Yeah, I didnt have my STIFFY with me. Its on the boat now though. Will be putting gps on it today. The boat is great. Hit a couple wakes from passing yachts and got my wife soaking wet, i got a little wet too. Its a boat, your on the water, what you dont think your gonna get wet? Anywho, the boat was fast and smooth on the water. I flushed the motor for a good half hour on the lake yesterday before that hellacious storm with hail came rolling through. What a nightmare, my kid was freaked out. I had to calm her down, it was bad!! I cant wait to see what speed I am going, butl, im guessing around 30mph. I will better beable to tell once gps is on.

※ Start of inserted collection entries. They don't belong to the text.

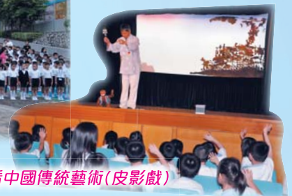
觀看中國傳統藝術(皮影戲)
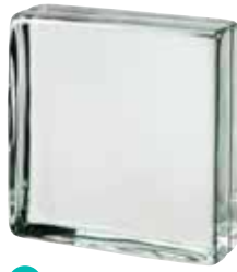
CLEAR 883 VISTABRIK* SAP CODE: 123072 EURO: 50,00/48,00/46,00
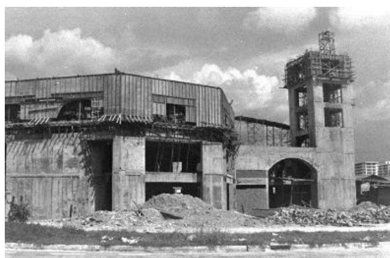
施工中的阿尔慕达金回教堂，1979年
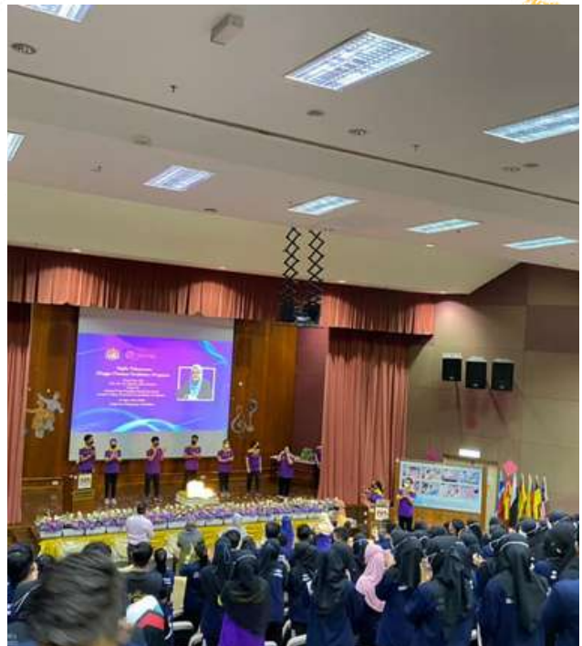
Aktiviti - aktiviti yang dijalankan ketika Majlis Perasmian MPKP 2022
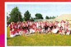
Banda LOUS TATAYOUS de LEMBEYE (Béarn - 64)
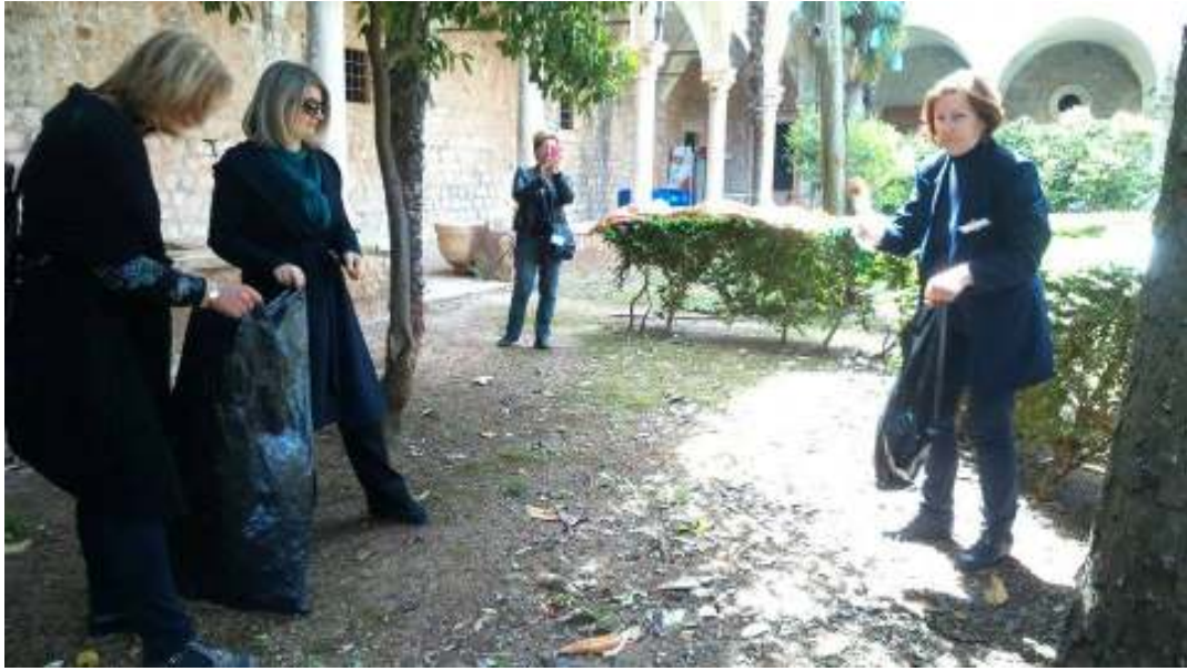
Slika 13. čišćenje otoka Lokum
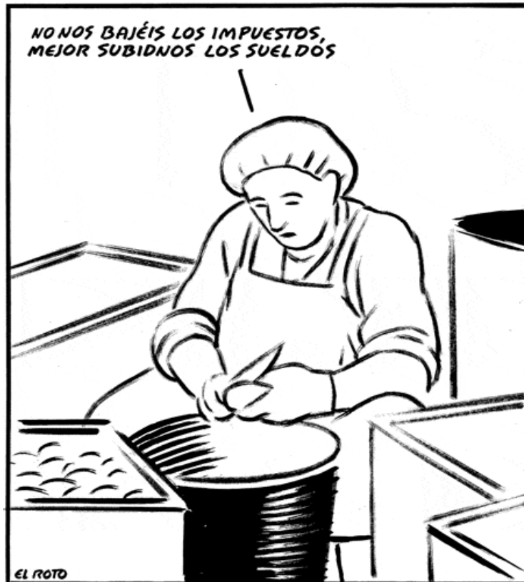
Viñeta de El Roto en El País 21-2-08

La limpia de nuestros bolsillos es apabullante. Desde luego, los de miles de trabajadores públicos y funcionarios
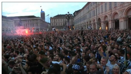
Figura 1.1: Foto di Piazza San Carlo durante la partita Real Madrid – Juventus

Dal punto di vista tecnico, la dinamica che si sviluppò fu quella di una compressione della folla (crowd crush) generata dall'elevata densità presente e dall'improvviso movimento simultaneo verso i varchi di uscita. La pressione progressiva esercitata dalla massa delle persone determinò cadute a catena e situazioni di schiacciamento, in particolare in prossimità delle transenne e degli accessi al parcheggio sotterraneo, dove si verificarono improvvise concentrazioni della folla. Il bilancio fu di circa 1.600 feriti e, nei mesi successivi, di tre decessi riconducibili alle conseguenze delle lesioni riportate. Le principali cause dei danni furono traumi da caduta e lesioni da compressione, più che effetti diretti dello spray stesso.
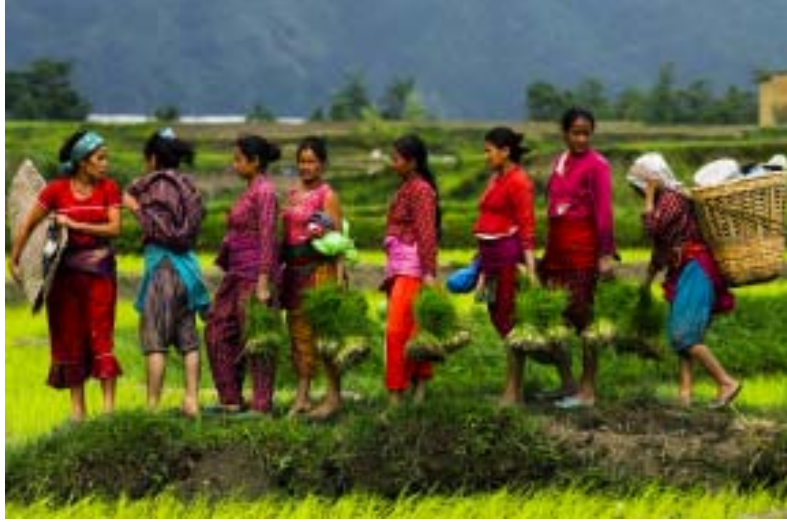
ಭಕ್ತಾಪುರದ ಕೃಷಿನಿರತ ನೀರೆಯರು

ITs fast out of the hole and goes skinny too. I really love how this boat performs so far. Cant wait to get real skinny with it! I absolutely love the tnt on the merc 25 and the merc 25 screams for more. Pugar had to free up the arm, not much grease in it at all  but, he fixed real quick and fixed the idol , it was idoling kinda high, and off we went. ;D Great people at custom gheenoe!!! I cant wait for the mini rally this weekend, I am excited about taking my first trip through the north end to get to JB's, on my own boat that is. And, looking forward to JB's awesome food!! I have only done the ride once and that was last Friday with a guide from New Smyrna and we were in a gordon, sweet boat btw!! All and all, I love the way this boat handles and performs. Didnt take long to get used to it. I LOVE IT!! Wouldnt trade it for anything....well, maybe 1,000,000 dollars I would consider it.


----------



## tojo (Dec 12, 2006)

Nice job on the Poons!


----------



## iMacattack (Dec 11, 2006)

Sweet!


----------



## deerfly (Mar 10, 2007)

yup, them little tarpon are the coolest. Definitely great mojo to start with.


----------



## Guest (Sep 13, 2007)

*U call this a rolling POON???* ;D ;D ;D ;D











BTW AWESOME!!!!!!! U thief!!!! [smiley=watching-you.gif]


----------



## litlblusrn4bigred (Jan 8, 2007)

LMAO   ummmmmmm whats a poon????   [smiley=1-lmao.gif] [smiley=1-lmao.gif] [smiley=1-lmao.gif]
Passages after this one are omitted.